Without reproducing any image, print the listing below exactly.

*** Opening of RECORDED DATA ***

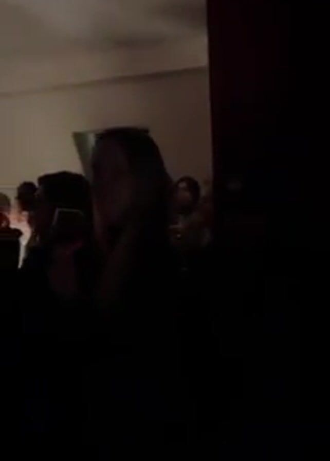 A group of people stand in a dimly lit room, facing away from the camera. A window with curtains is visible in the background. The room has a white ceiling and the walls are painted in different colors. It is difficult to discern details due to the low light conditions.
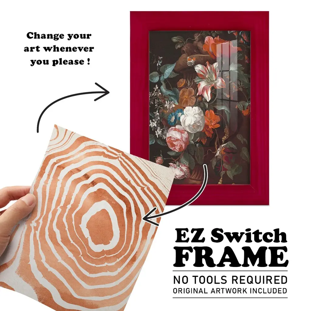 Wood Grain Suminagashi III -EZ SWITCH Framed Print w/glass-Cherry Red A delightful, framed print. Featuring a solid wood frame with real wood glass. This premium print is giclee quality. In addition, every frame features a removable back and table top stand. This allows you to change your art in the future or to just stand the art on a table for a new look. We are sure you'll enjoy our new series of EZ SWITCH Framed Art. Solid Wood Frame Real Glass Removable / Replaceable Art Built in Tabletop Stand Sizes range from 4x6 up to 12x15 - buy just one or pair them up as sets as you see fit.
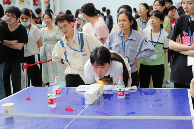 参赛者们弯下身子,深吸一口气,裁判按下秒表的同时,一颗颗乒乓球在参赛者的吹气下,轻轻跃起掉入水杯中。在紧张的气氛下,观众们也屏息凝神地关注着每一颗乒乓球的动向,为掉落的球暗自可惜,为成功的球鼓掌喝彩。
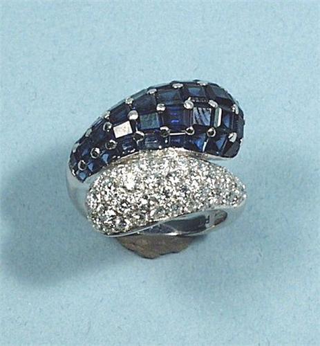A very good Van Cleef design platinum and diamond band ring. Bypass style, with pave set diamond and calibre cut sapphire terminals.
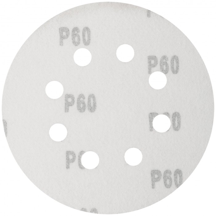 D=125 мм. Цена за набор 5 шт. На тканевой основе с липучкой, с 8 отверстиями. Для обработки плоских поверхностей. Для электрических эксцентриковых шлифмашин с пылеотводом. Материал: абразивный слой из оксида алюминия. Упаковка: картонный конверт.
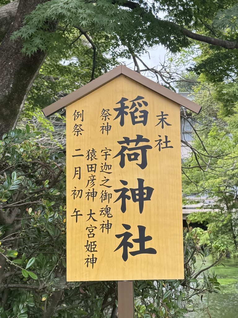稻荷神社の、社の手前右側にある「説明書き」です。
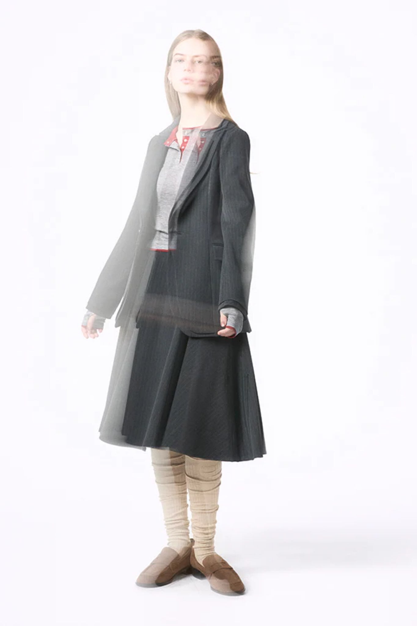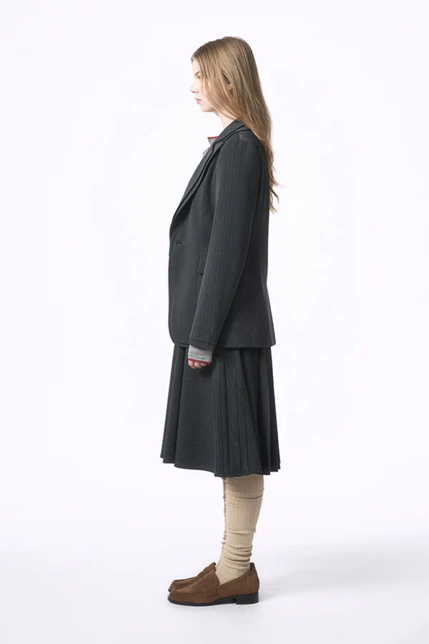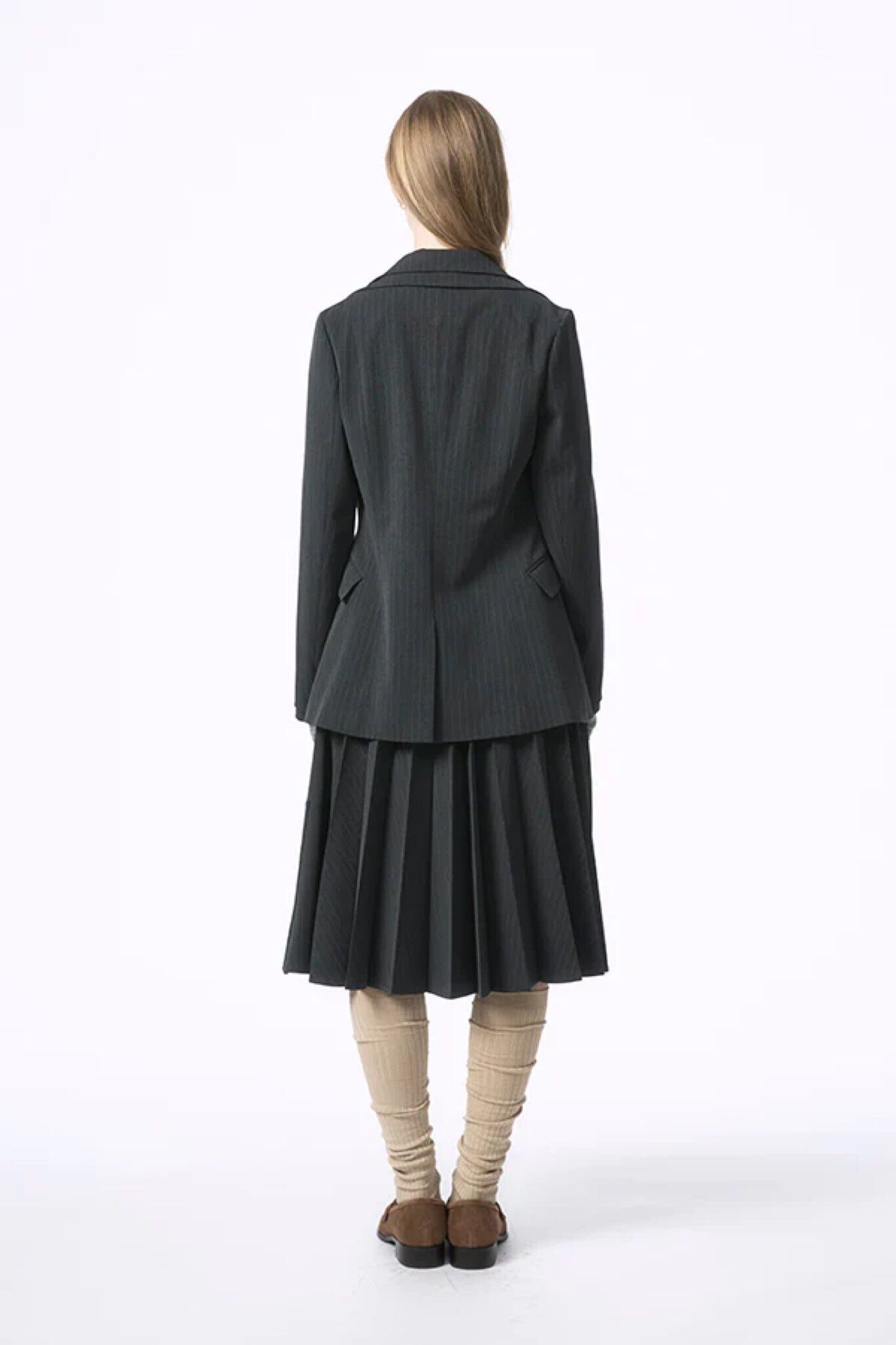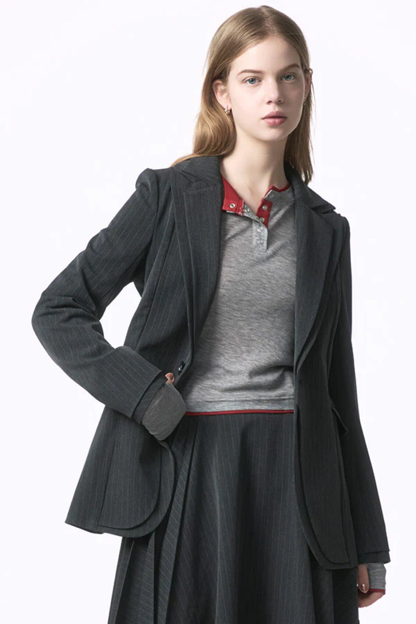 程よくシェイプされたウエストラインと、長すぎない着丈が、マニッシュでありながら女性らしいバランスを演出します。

*** Close of RECORDED DATA ***

* YOUR RESPONSE
 A group of people stand in a dimly lit room, facing away from the camera. A window with curtains is visible in the background. The room has a white ceiling and the walls are painted in different colors. It is difficult to discern details due to the low light conditions.
 Wood Grain Suminagashi III -EZ SWITCH Framed Print w/glass-Cherry Red A delightful, framed print. Featuring a solid wood frame with real wood glass. This premium print is giclee quality. In addition, every frame features a removable back and table top stand. This allows you to change your art in the future or to just stand the art on a table for a new look. We are sure you'll enjoy our new series of EZ SWITCH Framed Art. Solid Wood Frame Real Glass Removable / Replaceable Art Built in Tabletop Stand Sizes range from 4x6 up to 12x15 - buy just one or pair them up as sets as you see fit.
 参赛者们弯下身子,深吸一口气,裁判按下秒表的同时,一颗颗乒乓球在参赛者的吹气下,轻轻跃起掉入水杯中。在紧张的气氛下,观众们也屏息凝神地关注着每一颗乒乓球的动向,为掉落的球暗自可惜,为成功的球鼓掌喝彩。
A very good Van Cleef design platinum and diamond band ring. Bypass style, with pave set diamond and calibre cut sapphire terminals.
 D=125 мм. Цена за набор 5 шт. На тканевой основе с липучкой, с 8 отверстиями. Для обработки плоских поверхностей. Для электрических эксцентриковых шлифмашин с пылеотводом. Материал: абразивный слой из оксида алюминия. Упаковка: картонный конверт.
稻荷神社の、社の手前右側にある「説明書き」です。
 程よくシェイプされたウエストラインと、長すぎない着丈が、マニッシュでありながら女性らしいバランスを演出します。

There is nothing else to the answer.